On December 15, 2019, our client was involved in a single-vehicle collision. Officer Garcia of the Department of Public Safety responded to the collision. The client had slurred speech, an odor of alcohol on her breath, bloodshot watery eyes, was swaying, and was unsteady as she walked. On the Horizontal Gaze Nystagmus (HGN) test, the client exhibited six out of six clues, the client also exhibited several clues on the walk and turn and one-leg stand tests. However, the client had five-inch heels on during the field sobriety tests. The National Highway Traffic Safety Association (NHTSA), states that field sobriety tests should not be done on anyone who has 2 1/2 inch or higher heels.
Officer Garcia arrested the client for DUI and transported her to the El Mirage Police Department to complete a breath test. The client’s breath test results were a .138 for the first blow and a .140 for the second blow.
Potential legal DUI defenses in the case were: Corpus to suppress client’s admission to driving if the witness does not come to court to testify that client was driving, the breath test was not administered until over two hours after driving, that client had the opportunity to drink after driving because there was an open container of vodka in the vehicle, and the client had acid reflux which could cause a person to blow mouth alcohol into the breath test.
During our attorney officer interview with Officer Garcia, he admitted that he applied for a search warrant at 4:35 am. The fax machine used to obtain the search warrant was located in another room. Thus, the client was left alone during this time. However, in Officer Garcia’s police report he stated that the deprivation period was between 4:30 am to 4:49 am. The deprivation period is a 15 minute time period when the accused is to be deprived of placing anything in their mouth prior to the breath test. Therefore, the client was left alone during the deprivation period and there was no one to prevent her from placing anything in her mouth and no one who could testify that she did not place anything in her mouth.

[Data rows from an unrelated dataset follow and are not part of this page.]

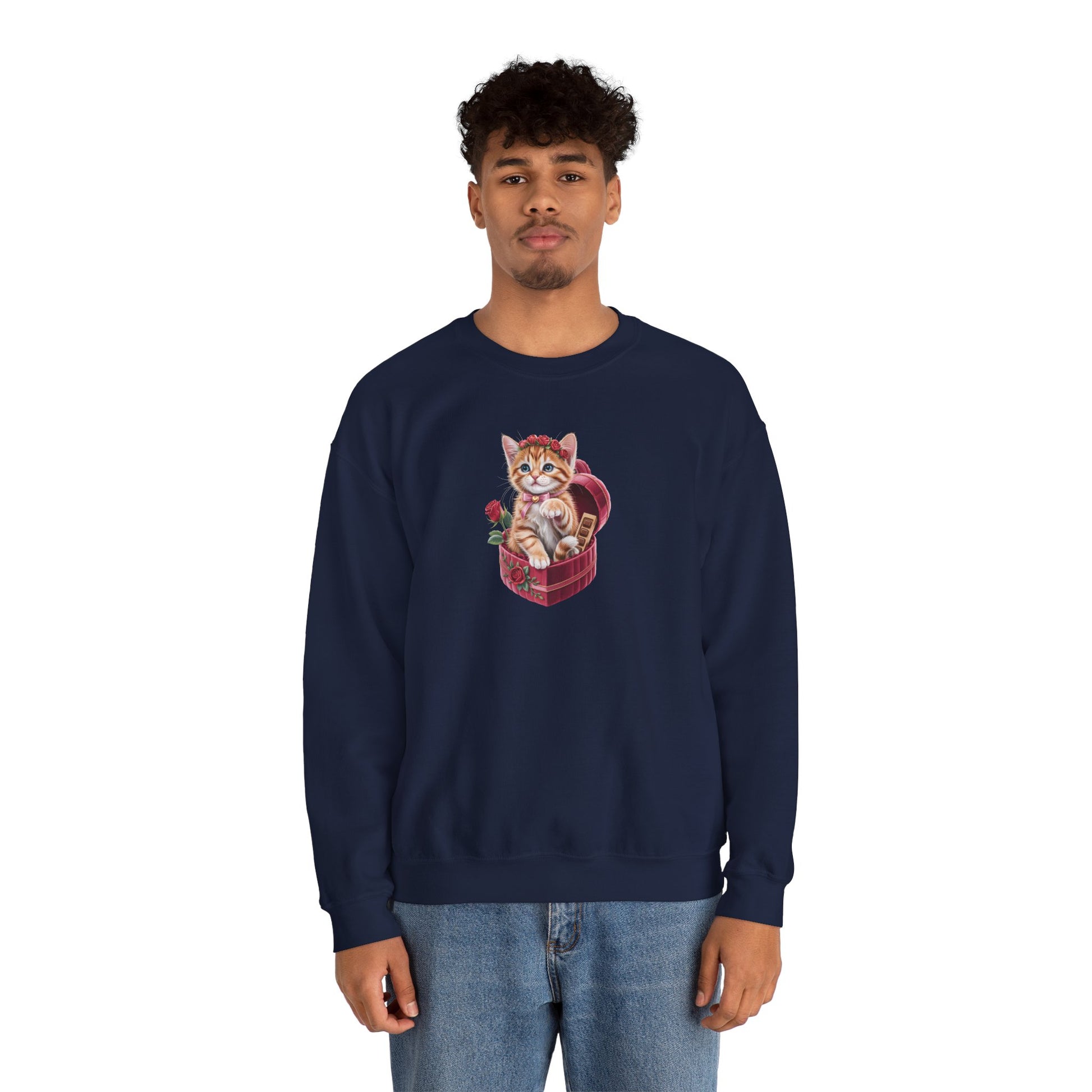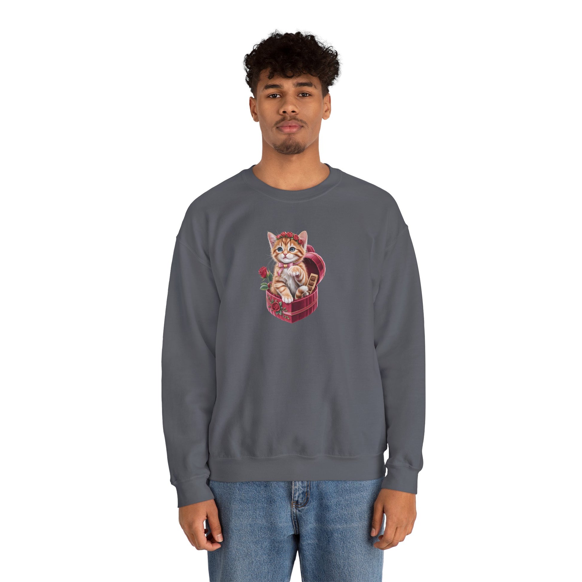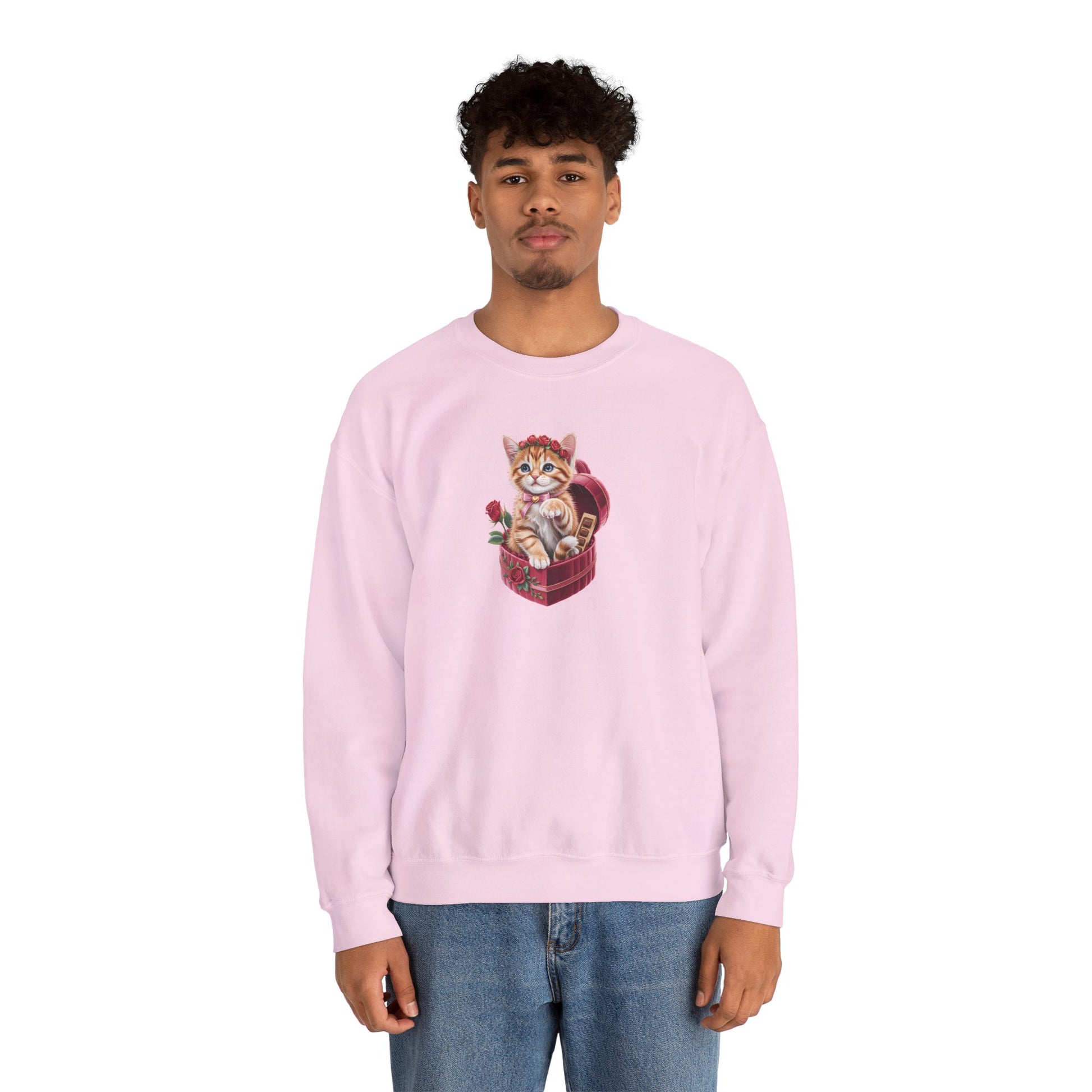 This Cute Cat Valentine Sweatshirt features an irresistibly sweet kitten illustration nestled in a heart-shaped gift box, surrounded by roses and romantic details. Designed to feel cozy and heart-warming, it’s the perfect piece for cat lovers who adore soft aesthetics and charming art.
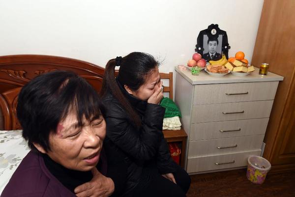 新华社照片,沈阳,2015年2月17日 记者手记:凌晨他倒在办公桌前——34岁民警殉职前的7天7夜 2月17日,袁哲的母亲(左)和妻子在家中伤心流泪。袁哲10年前以第一名的成绩考到沈阳市公安局和平分局,在太原派出所已经工作了5个年头,曾任三级警长和刑侦民警,多次立功受奖。因为参加全国公安部门的“禁毒会战”和春节安保工作。他一直吃住在单位,连续工作7天7夜。2月16日早晨7点左右,34岁的民警袁哲因连续超负荷工作突发心肌梗塞,因公殉职。新华社记者 杨青摄
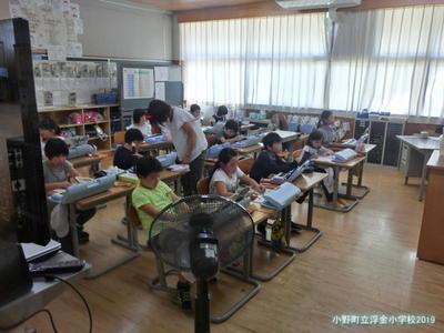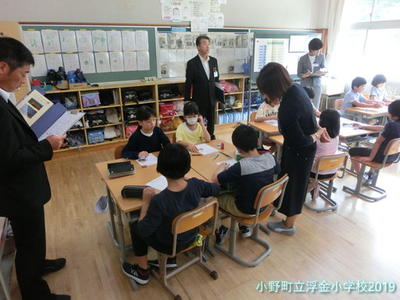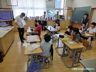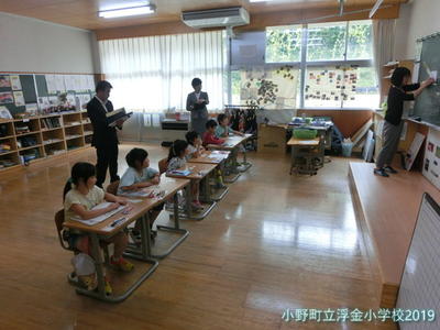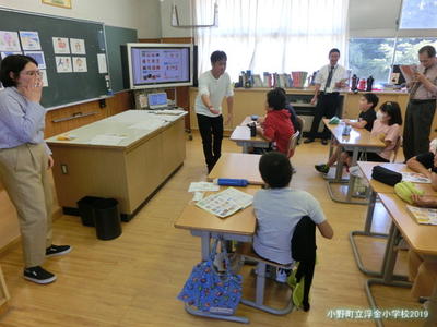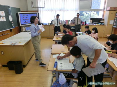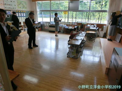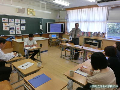 県中教育事務所から所長、業務次長、指導主事に来校いただき、浮金小学校の学校経営について説明し、授業を参観していただきました。
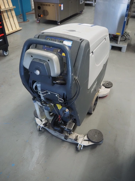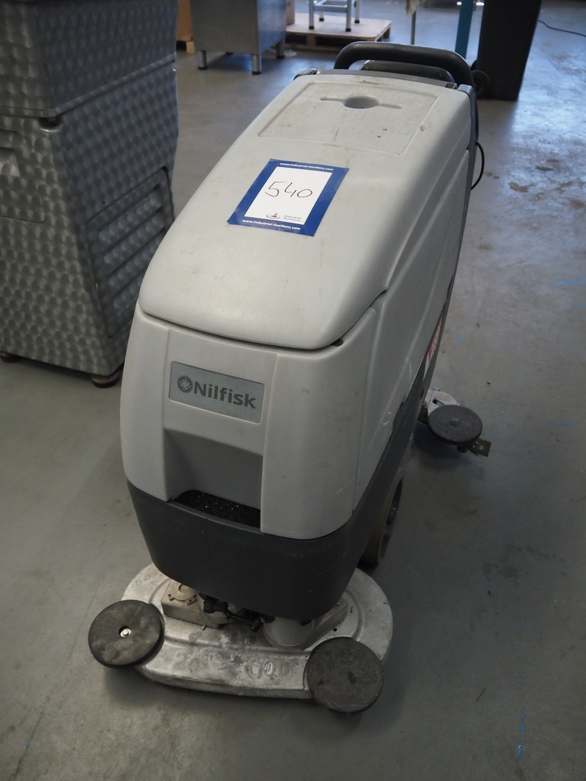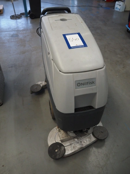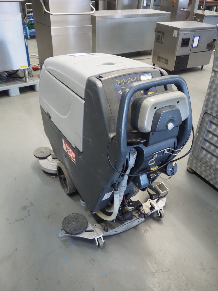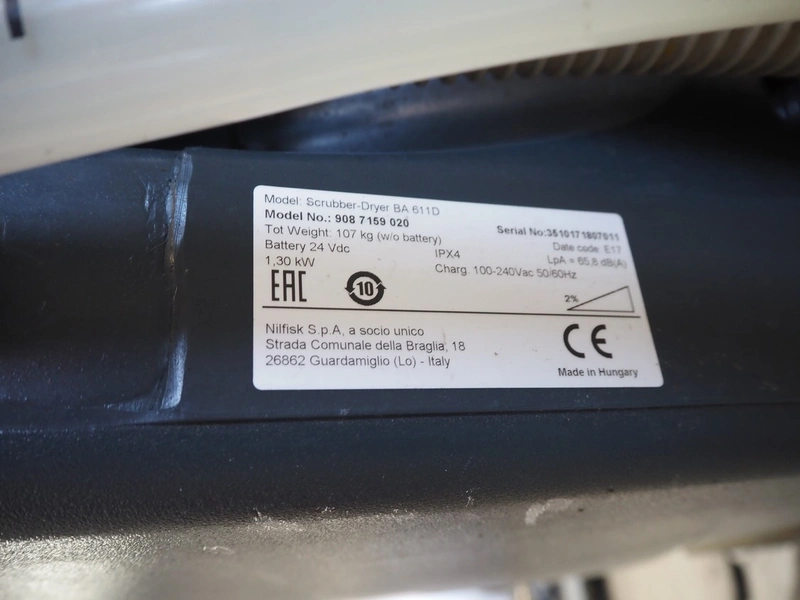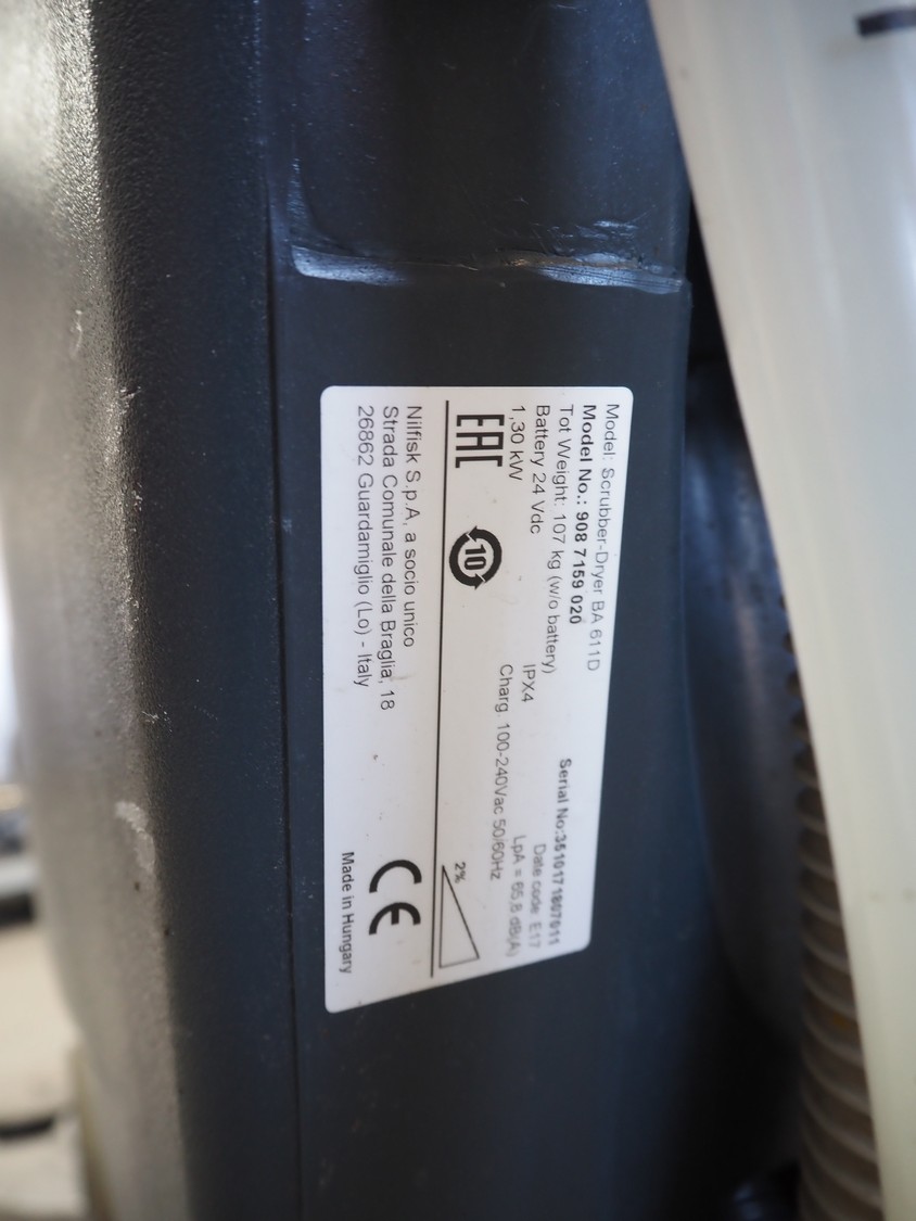 Nilfisk floor scrubber, model: Scrubber-Dryer BA 611D, serial number: 3510171807011, 100-240 V, 50/60 Hz, weight: 107 kg, dimensions: 1300 mm x 700 mm x 1100 mm.
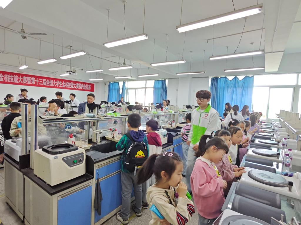 随后由金相大赛国赛一等奖团队成员带领小员工们参观金相实验室,并指导大家动手磨金相、利用金相显微镜观察钒钛产品的金相显微组织。特别设置的互动环节让参观者亲手操作实验,通过亲身体验科学实验感受科学原理在实际中的应用。
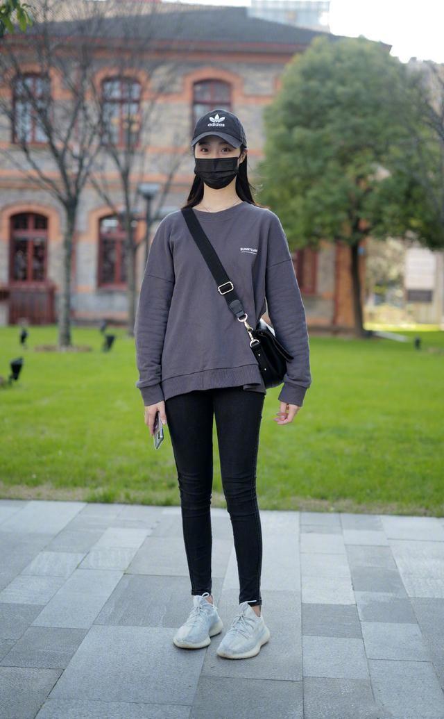 所以建议女性在穿卫衣的时候,宁可穿宽松的,也不要穿紧身的,推荐女性选择oversize版型的卫衣,比自己本身穿的衣服大一号就可以了。大得太多,就会显得整个人没有身材曲线,遮肉的目的达到了,却没有任何时髦感。

Our DUI defense attorneys filed a motion to suppress the breath test results. The prosecutor changed their initial offer from pleading guilty to DUI impaired to the slightest degree (which required jail, alcohol classes, interlock device, loss of license, and a large fine) to reckless driving with no jail, no alcohol classes, no interlock device, no license suspension requirement, and only a fine which was a fraction of what a DUI fine would have been.